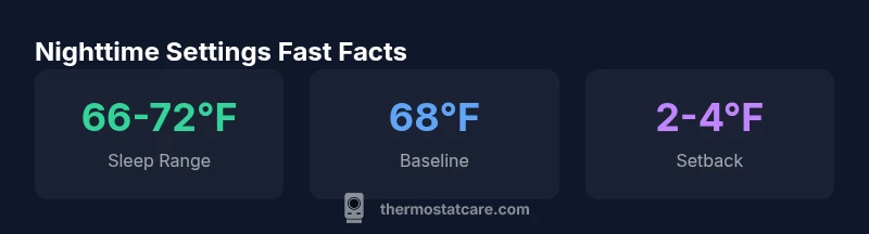 According to Thermostat Care, what should thermostat be set at night? For most homes, aim for 66-72°F (19-22°C) with 68°F (20°C) as a practical baseline. If you own a smart thermostat, apply a gentle 2-4°F (1-2°C) setback for 6-8 hours to save energy without compromising comfort. Adjust for climate, bedding, and personal preference; consistency beats large, abrupt changes.
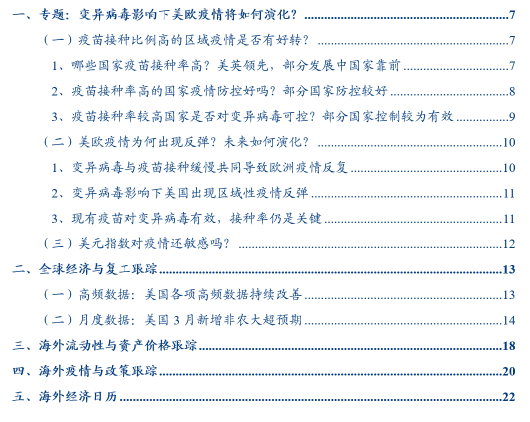 风险提示:疫苗对变异病毒有效率低于预期,各国防疫措施放松较早
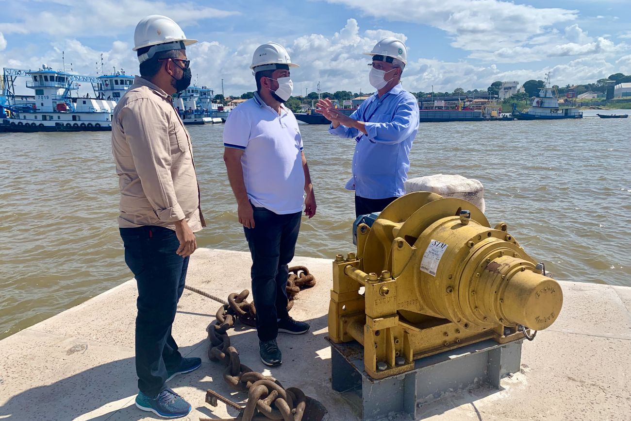 Considerado estratégico para a região, o Terminal vai fazer a integração do modal hidroviário e se juntar aos terminais dos municípios de Terra Santa, Faro, Curuá, Prainha, Almeirim, Santana do Tapará (distrito de Santarém) e Óbidos, já entregues pela CPH.O presidente da CPH, Abraão Benassuly, (d) e o secretário Regional de Governo do Oeste, Henderson Pinto (c) na visita técnica

· · ·

TASK PROMPT:
Restate the entire listing word for word, excluding pictures.

ANSWER TO THIS TASK:
 According to Thermostat Care, what should thermostat be set at night? For most homes, aim for 66-72°F (19-22°C) with 68°F (20°C) as a practical baseline. If you own a smart thermostat, apply a gentle 2-4°F (1-2°C) setback for 6-8 hours to save energy without compromising comfort. Adjust for climate, bedding, and personal preference; consistency beats large, abrupt changes.
 风险提示:疫苗对变异病毒有效率低于预期,各国防疫措施放松较早
 Considerado estratégico para a região, o Terminal vai fazer a integração do modal hidroviário e se juntar aos terminais dos municípios de Terra Santa, Faro, Curuá, Prainha, Almeirim, Santana do Tapará (distrito de Santarém) e Óbidos, já entregues pela CPH.O presidente da CPH, Abraão Benassuly, (d) e o secretário Regional de Governo do Oeste, Henderson Pinto (c) na visita técnica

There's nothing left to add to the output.